Stored records
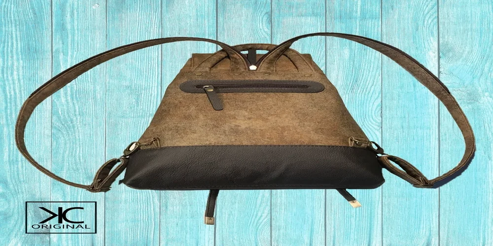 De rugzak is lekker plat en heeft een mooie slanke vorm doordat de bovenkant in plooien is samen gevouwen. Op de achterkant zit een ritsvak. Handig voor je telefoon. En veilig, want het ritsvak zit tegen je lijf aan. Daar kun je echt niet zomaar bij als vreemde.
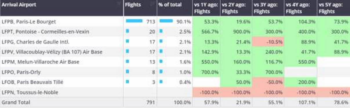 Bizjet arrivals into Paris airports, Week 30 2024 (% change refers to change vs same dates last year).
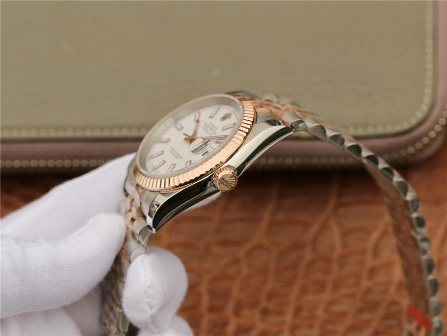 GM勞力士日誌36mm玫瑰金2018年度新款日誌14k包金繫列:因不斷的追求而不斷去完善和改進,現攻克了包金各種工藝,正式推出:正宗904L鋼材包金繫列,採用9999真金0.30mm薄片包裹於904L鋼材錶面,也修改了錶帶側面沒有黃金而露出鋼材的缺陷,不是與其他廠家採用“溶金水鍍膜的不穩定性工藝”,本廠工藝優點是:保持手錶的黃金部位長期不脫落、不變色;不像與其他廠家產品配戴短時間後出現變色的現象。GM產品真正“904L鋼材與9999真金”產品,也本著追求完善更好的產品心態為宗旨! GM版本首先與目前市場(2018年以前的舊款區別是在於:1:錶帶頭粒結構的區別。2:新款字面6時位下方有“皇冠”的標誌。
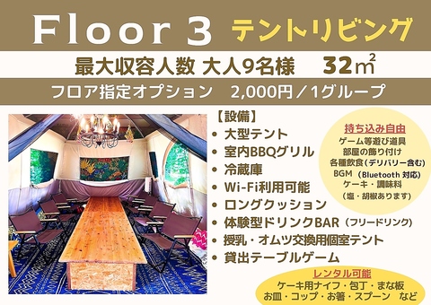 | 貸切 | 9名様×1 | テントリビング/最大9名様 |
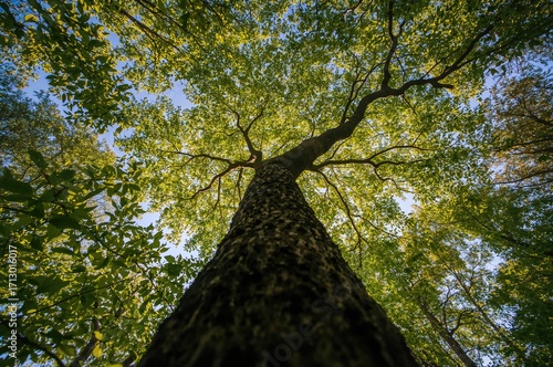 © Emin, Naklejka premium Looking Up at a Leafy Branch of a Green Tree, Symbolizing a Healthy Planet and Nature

▶ [HOW TO COMPLETE THIS TASK]: Copy exactly the lines from the one containing "9名様×1 | テントリビング/最大9名様 |" through the last line of the records above, including both, and omit every picture.

▶ [EXERCISE OUTPUT]:
 | 貸切 | 9名様×1 | テントリビング/最大9名様 |
 © Emin, Naklejka premium Looking Up at a Leafy Branch of a Green Tree, Symbolizing a Healthy Planet and Nature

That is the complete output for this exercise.